The Byzantine Times Issue 10, March 2017 | Page 2

Ana Notaras was the daughter of Loukas Notaras, the last Megas Doux of the Byzantine Empire. The position of Megas Doux was initially created by Alexios I Komnenos, emperor from 1081 -1118. Loukas is famous for his comment: “I would rather see the Turkish turban in the city than the Latin Mitre” which led to him being vilified by both sides of the Rome-Constantinople divide as well as by the Greek Byzantine historian –and eyewitness to the Fall of Constantinople in 1453- George Sphrantzes, whose antipathy was later picked up by Gibbon.

Regardless of this comment, he was apparently a supporter of securing Catholic aid by whatever means possible. During the siege of Constantinople, Loukas led the troops along the NW sea wall, and –despite later accusations of desertion- able to hold the wall against the Turkish fleet. Although initially spared by Mehmed II, Loukas was shortly after executed, the reasons for which vary in the source accounts. But certainly, one son (Jacob) and three of his daughters survived and managed to get safely to Italy -one of the daughters being Anna. In fact Anna had left Constantinople between 1440 and 1449 travelling to Rome with her sisters Theodora and Euphrosyne so she avoided the fall of the city and the subsequent massacre of her family.

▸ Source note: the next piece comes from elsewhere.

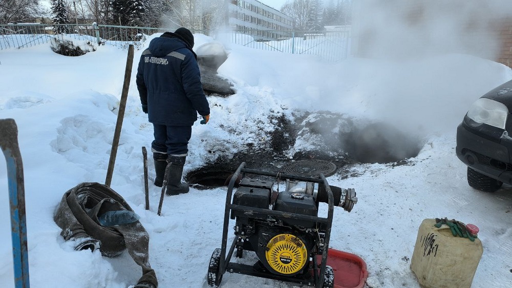 Авария в Линево случилась ночью 30 января. Без отопления остались несколько жилых домов. Из-за порыва на теплосети горячая вода затопила подвалы дома №8 на улице Первопроходцев.

In Italy, with the fortune her father had wisely invested abroad, she became the center of the Byzantine expatriate community in Venice. In their correspondence with her, the council of Siena referred to her as widow of the last Byzantine emperor Constantine XI (1449—1453), but this was almost certainly untrue. There is no mention of such a marriage in any other contemporary source.

An independent Greek colony came into existence in Venice during 15th C, but it kept in touch with Greece and thus retained its Greek character. During the years leading up to the fall of Constantinople, Loukas Notaras had frequent contact with Venice and Genoa The question arises as to why the Notaras children did not emigrate to Genoa rather than Venice- particularly as the Genoese paid a large part in their safe release from Ottoman hands The Genoese were very concerned about the fate of the children after 1453, and indeed in 1454 Genoese envoys were instructed to ask the sultan about the children and to obtain safe escort for them if possible. Interestingly the reason given was that their father and grandfather “were Genoese”

The relative merits of the two Italian cities is of course a subject in itself, but fairly modern research has established the following possible reasons:

-Genoa was riven with internal squabbles

-Venice had more Greek and “Byzantine” immigrants before the fall of Constantinople and an independent Greek colony had been established

-Genoese connections with Byzantium were almost exclusively dominated by commercial considerations (although why this should have been seen as a problem is debatable)

When in 1463, a chair for Greek Language was established at the University of Padua (Venetian Territory) the Greek humanist Demetrios Chalkokondoyles expressed his conviction that the freedom of Greeks lay in hands of the Venetians –however the great hope of the Greeks to return to the Bosporus was not to become a reality, but the lesser hope of living space on foreign soil did. This led to the founding of a Greek brotherhood, the building of a Greek church, and Greek printing shop, thus part of the Byzantine world was brought into the Venetian Lagoon, turning Venice into an “altera Constantinopolis” (J G Ball “Poverty, Charity and the Greek Community” 1982)

Anna became a key figure among the Greek expatriates in Venice. She established, with two others (Nikolaos Vlastos and Zacharias Kalliergis), one of the first printing presses for Greek books in Venice (in 1499), which although short- lived produced the most beautiful incunabulum (early printed book) the Etymologicum Magnum of 1499.